══ Available records

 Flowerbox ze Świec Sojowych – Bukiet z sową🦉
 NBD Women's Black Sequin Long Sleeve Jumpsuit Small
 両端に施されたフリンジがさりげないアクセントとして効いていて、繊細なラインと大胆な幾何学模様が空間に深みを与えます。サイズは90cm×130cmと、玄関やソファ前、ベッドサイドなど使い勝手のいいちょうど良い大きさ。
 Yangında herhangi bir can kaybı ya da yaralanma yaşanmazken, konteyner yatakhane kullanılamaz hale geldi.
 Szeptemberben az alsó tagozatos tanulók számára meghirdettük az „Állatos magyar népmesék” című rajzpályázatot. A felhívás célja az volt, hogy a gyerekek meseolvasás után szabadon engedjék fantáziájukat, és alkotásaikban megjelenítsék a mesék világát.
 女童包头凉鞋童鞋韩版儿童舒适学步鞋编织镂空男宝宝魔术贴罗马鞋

════
══ Available records

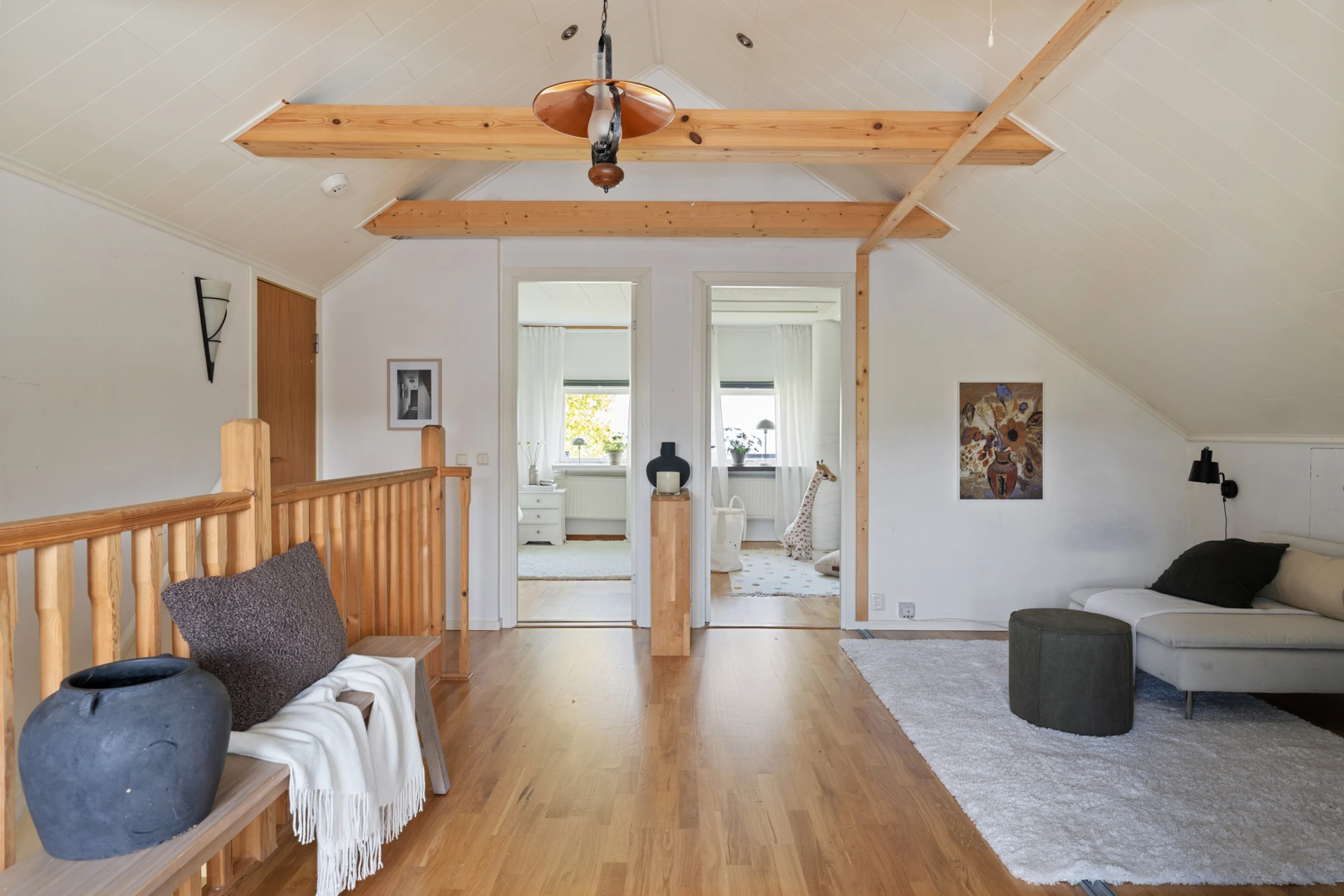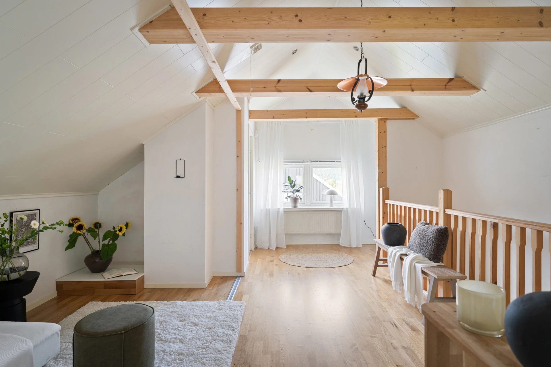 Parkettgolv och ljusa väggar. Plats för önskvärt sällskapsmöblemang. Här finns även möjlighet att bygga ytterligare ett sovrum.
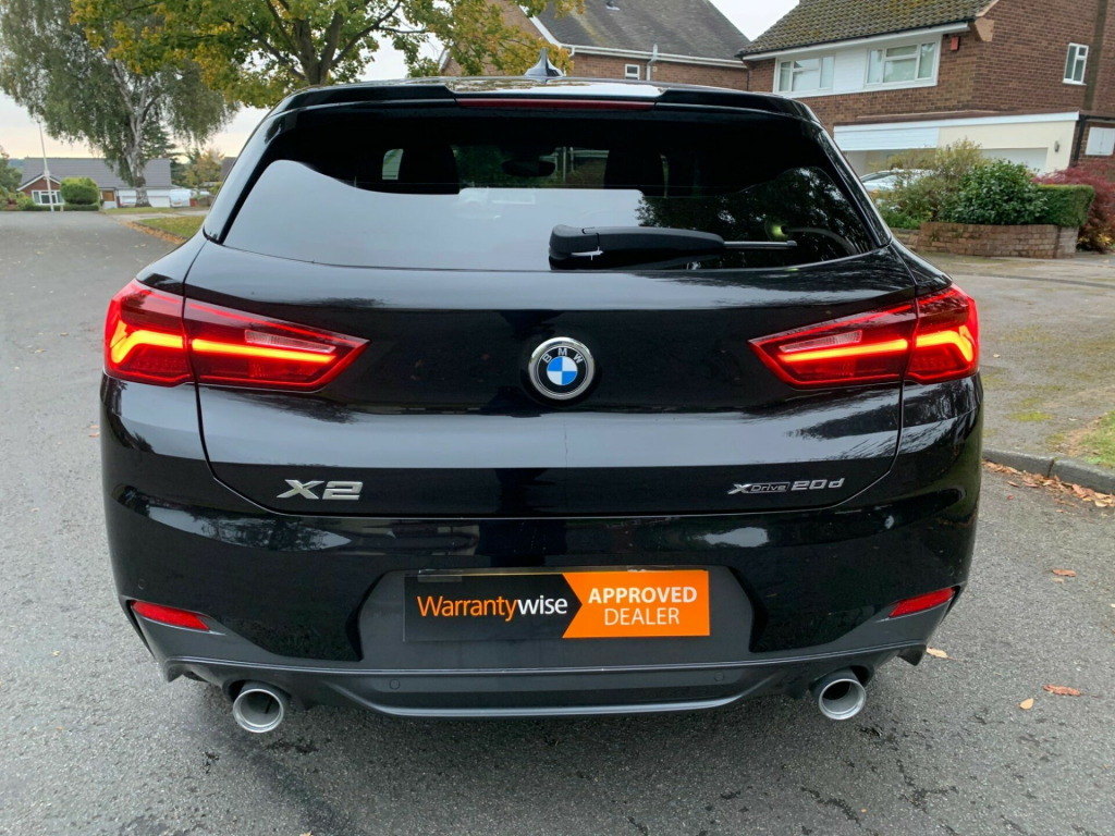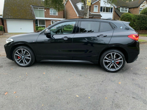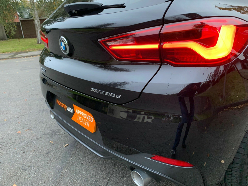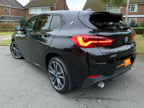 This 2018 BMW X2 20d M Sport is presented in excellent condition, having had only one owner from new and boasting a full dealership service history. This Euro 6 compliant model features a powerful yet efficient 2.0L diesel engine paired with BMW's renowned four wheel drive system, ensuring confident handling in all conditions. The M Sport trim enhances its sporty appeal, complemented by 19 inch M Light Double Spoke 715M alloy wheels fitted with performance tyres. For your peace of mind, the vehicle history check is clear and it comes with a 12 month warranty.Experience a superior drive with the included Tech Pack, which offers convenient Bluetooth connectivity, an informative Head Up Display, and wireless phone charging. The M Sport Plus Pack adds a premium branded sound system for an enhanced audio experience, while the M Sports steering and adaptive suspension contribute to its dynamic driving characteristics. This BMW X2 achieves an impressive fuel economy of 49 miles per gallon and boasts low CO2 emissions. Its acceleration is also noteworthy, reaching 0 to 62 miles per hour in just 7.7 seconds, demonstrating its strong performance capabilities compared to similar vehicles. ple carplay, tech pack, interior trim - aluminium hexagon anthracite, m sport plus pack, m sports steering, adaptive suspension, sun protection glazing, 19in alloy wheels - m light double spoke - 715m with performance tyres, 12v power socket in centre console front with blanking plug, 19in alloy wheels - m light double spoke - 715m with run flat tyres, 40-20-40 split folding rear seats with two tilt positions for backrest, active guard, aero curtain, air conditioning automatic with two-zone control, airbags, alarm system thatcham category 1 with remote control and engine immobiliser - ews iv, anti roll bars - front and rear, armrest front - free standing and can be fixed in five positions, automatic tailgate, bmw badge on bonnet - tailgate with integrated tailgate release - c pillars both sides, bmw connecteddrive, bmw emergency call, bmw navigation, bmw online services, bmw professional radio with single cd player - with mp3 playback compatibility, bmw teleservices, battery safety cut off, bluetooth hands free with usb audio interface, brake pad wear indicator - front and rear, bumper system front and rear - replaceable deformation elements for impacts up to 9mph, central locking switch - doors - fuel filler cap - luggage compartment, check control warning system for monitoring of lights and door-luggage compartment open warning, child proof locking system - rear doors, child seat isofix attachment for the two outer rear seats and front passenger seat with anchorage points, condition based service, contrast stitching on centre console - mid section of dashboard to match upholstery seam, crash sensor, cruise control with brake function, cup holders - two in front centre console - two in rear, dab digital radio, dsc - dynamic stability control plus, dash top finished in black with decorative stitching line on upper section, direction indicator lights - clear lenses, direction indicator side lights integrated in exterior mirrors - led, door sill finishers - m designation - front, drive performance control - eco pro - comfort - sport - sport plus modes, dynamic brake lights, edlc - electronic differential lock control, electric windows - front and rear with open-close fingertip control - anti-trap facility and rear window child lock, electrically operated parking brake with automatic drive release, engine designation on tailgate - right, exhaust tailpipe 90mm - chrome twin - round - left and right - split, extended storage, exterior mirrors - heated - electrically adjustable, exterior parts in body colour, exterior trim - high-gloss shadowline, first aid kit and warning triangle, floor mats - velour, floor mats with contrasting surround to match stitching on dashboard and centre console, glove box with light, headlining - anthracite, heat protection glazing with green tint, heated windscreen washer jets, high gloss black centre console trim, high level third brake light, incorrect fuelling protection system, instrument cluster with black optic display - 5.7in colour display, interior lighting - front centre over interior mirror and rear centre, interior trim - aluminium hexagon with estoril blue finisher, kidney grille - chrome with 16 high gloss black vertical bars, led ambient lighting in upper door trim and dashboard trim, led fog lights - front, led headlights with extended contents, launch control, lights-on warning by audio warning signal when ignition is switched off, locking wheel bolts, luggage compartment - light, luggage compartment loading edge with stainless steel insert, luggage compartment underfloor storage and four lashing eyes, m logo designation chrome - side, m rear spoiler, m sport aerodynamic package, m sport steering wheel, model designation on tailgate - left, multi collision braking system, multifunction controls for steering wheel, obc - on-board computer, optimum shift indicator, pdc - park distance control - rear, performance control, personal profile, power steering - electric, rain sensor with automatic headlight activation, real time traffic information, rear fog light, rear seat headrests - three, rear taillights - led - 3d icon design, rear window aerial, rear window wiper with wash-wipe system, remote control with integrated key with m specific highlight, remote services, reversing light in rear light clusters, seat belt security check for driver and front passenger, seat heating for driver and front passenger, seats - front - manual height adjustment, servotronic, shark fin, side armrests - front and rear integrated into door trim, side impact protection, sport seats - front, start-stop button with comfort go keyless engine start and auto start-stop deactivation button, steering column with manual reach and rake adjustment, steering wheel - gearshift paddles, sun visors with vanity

════

From the records above, copy only the lines starting with the line that holds "Flowerbox ze Świec Sojowych – Bukiet z sową🦉" and going on through the line that holds "女童包头凉鞋童鞋韩版儿童舒适学步鞋编织镂空男宝宝魔术贴罗马鞋", exactly as written.

Completed task:
 Flowerbox ze Świec Sojowych – Bukiet z sową🦉
 NBD Women's Black Sequin Long Sleeve Jumpsuit Small
 両端に施されたフリンジがさりげないアクセントとして効いていて、繊細なラインと大胆な幾何学模様が空間に深みを与えます。サイズは90cm×130cmと、玄関やソファ前、ベッドサイドなど使い勝手のいいちょうど良い大きさ。
 Yangında herhangi bir can kaybı ya da yaralanma yaşanmazken, konteyner yatakhane kullanılamaz hale geldi.
 Szeptemberben az alsó tagozatos tanulók számára meghirdettük az „Állatos magyar népmesék” című rajzpályázatot. A felhívás célja az volt, hogy a gyerekek meseolvasás után szabadon engedjék fantáziájukat, és alkotásaikban megjelenítsék a mesék világát.
 女童包头凉鞋童鞋韩版儿童舒适学步鞋编织镂空男宝宝魔术贴罗马鞋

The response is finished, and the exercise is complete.